La ministre Boly interpellée sur la question, le 22 octobre à l’émission « …du Gouvernement » sur la TNB à enjoint les parents d’élèves à signaler de telles anomalies pour permettre à ses services d’agir. « S’il ya des difficultés, nous avons constitué un stock de secours pour y faire face », a-t-elle rassurée. 

Retard dommageable

Sur la même question du retard dans l’acheminement des fournitures scolaires, Blégné Séma, secrétaire général du SNEAB s’est prononcé. Extrait de ces propos : La question des fournitures scolaires est le gros problème que rencontrent les enseignants. Dès lors que l’on a annoncé aux parents d’élèves que c’est devenu gratuit et qu’ils n’avaient pas à acheter des fournitures, le 1er octobre chaque élève vient les bras ballants. C’est là le « casse-tête » des enseignants. Actuellement c’est décentralisé ; on a remis aux communes cette tâche, c’est elles qui lancent les commandes, qui réceptionnent et qui redistribuent les fournitures aux écoles. Il y a beaucoup de problèmes à ce niveau. Et le premier qui se pose c’est le retard dans l’acquisition du matériel. Le 2e est celui de la qualité. On peut remettre aux élèves des fournitures qui laissent à désirer. Deux semaines à peine après l’achat d’un cahier neuf, la couverture est déjà partie et les feuilles vont en lambeau. Ces feuilles sont tellement fines que le stylo les transperce. Des stylos qu’on donne et qui ne peuvent pas écrire.

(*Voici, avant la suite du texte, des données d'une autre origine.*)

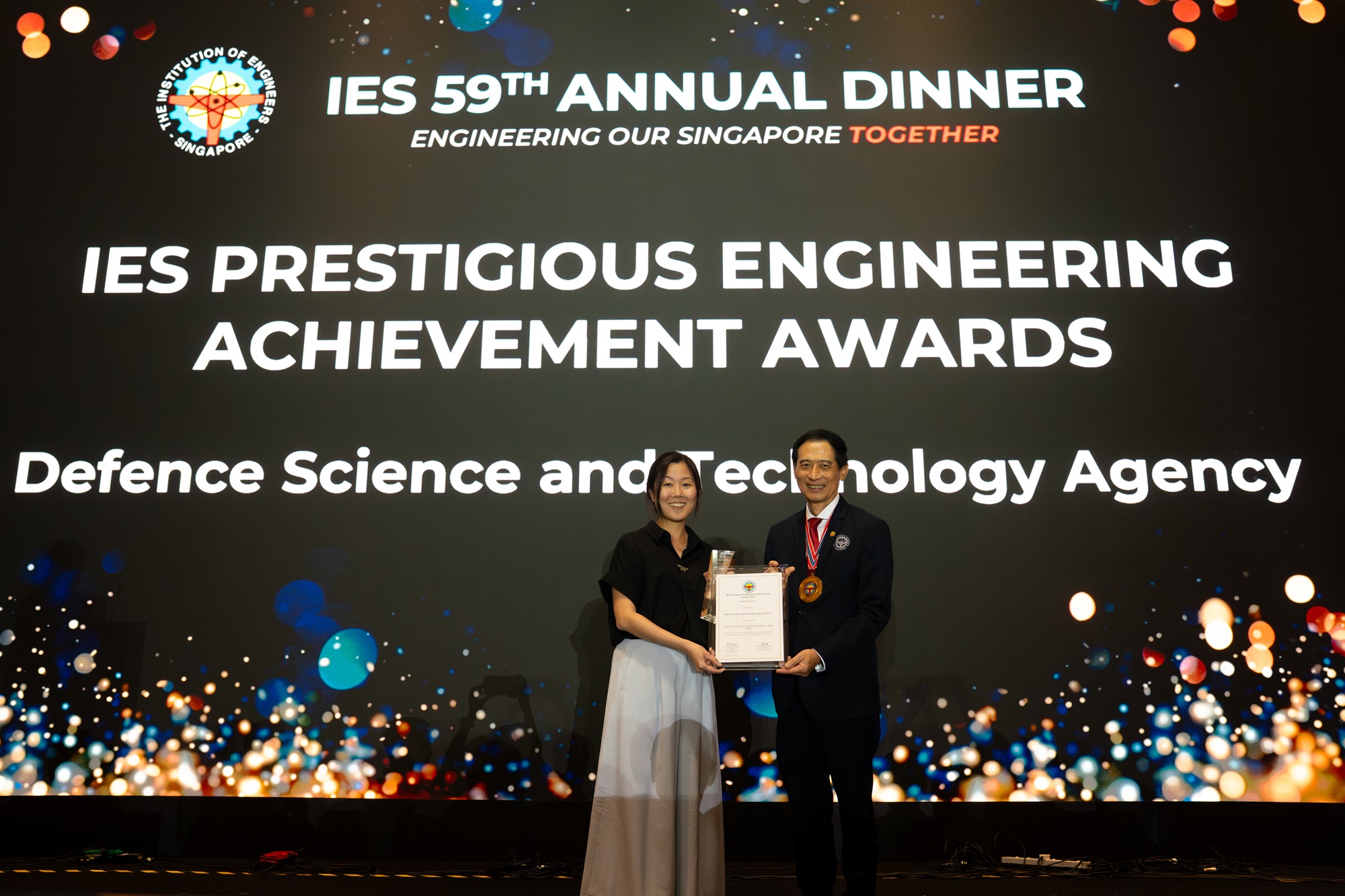 Director Simulation and Training Systems Yeoh Ee-Wen (left) received the award from IES President Er. Chan Ewe Jin (right) at the dinner.

Sur cette question aussi et à la même émission, la ministre Boly a indiqué qu’elle était informée du problème. Les cas signalés de mauvaises fournitures ont été signalés à l’ASCE qui a diligenté des enquêtes et la justice est saisie.

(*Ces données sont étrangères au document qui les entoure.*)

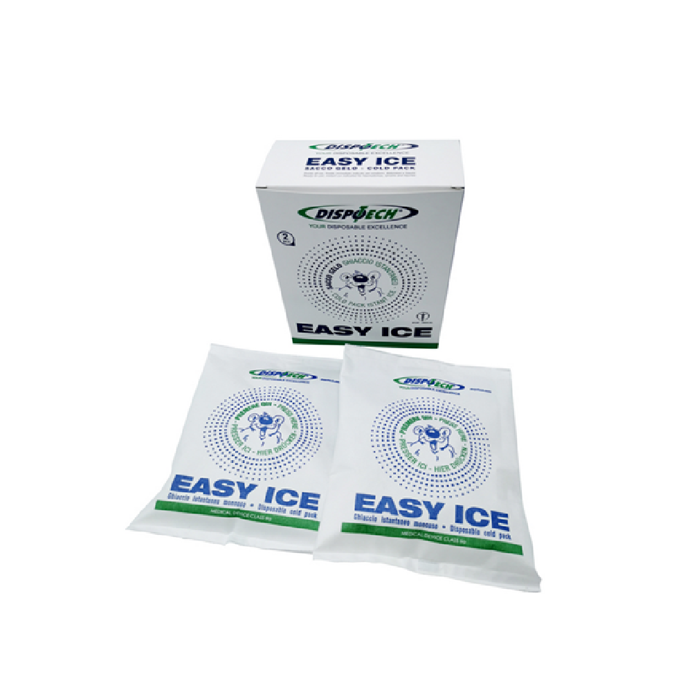Bolsa de frío instantáneo DispoIce, fabricada en plástico resistente y compuesta por agua, urea y cloruro amónico. Al mezclar su contenido, genera frío inmediato alcanzando -5°C y mantiene 0°C durante media hora. Disponible en tamaños de 18x14 cm (220 g) y 24x14 cm (260 g), 100% libre de látex y conforme a la directiva 93/42/EC como producto sanitario Clase IIa. Perfecta para primeros auxilios, lesiones deportivas y emergencias médicas

Il reste encore dans certains cas, les parents sont obligés de payer tout de même des fournitures d’amorce aux enfants avant que celles de l’Etat n’arrivent. En fait, les enseignants leur mettent la pression pour pouvoir démarrer les cours. Les enseignants sont donc obligés par moment d’aller au-delà de leurs prérogatives souvent même en chassant les enfants. Cela est parfois source de conflits entre les enseignants et les parents d’élèves.

Basidou KINDA


Le 12 octobre 2013, le ministre de l’éducation nationale et de l’alphabétisation (MENA) Koumba/Boly a rencontré les organisations syndicales de l’éducation. L’objectif de cette entrevue était de discuter sur le programme de développement stratégique de l’éducation de base (PDSEB 2012- 2021) et particulièrement sur la mise en œuvre du CONTINUUM. Et comme toute réforme amène à bousculer l’existant, Tolé Sagnon, président du mois des syndicats, dit : « le mouvement syndical a besoin de comprendre, de mieux cerner, non seulement le contenu du plan décennal mais aussi les réformes que ce contenu implique » Du reste, les syndicats doivent travailler à ce que ces réformes soient les meilleures possibles. Pour le ministre Koumba/Boly c’était un cadre idéal pour échanger avec les syndicats sur les différentes réformes entreprises par le gouvernement dans le domaine de l’éducation et surtout la possibilité de travailler ensemble afin que la mise en place du plan décennal soit une réussite.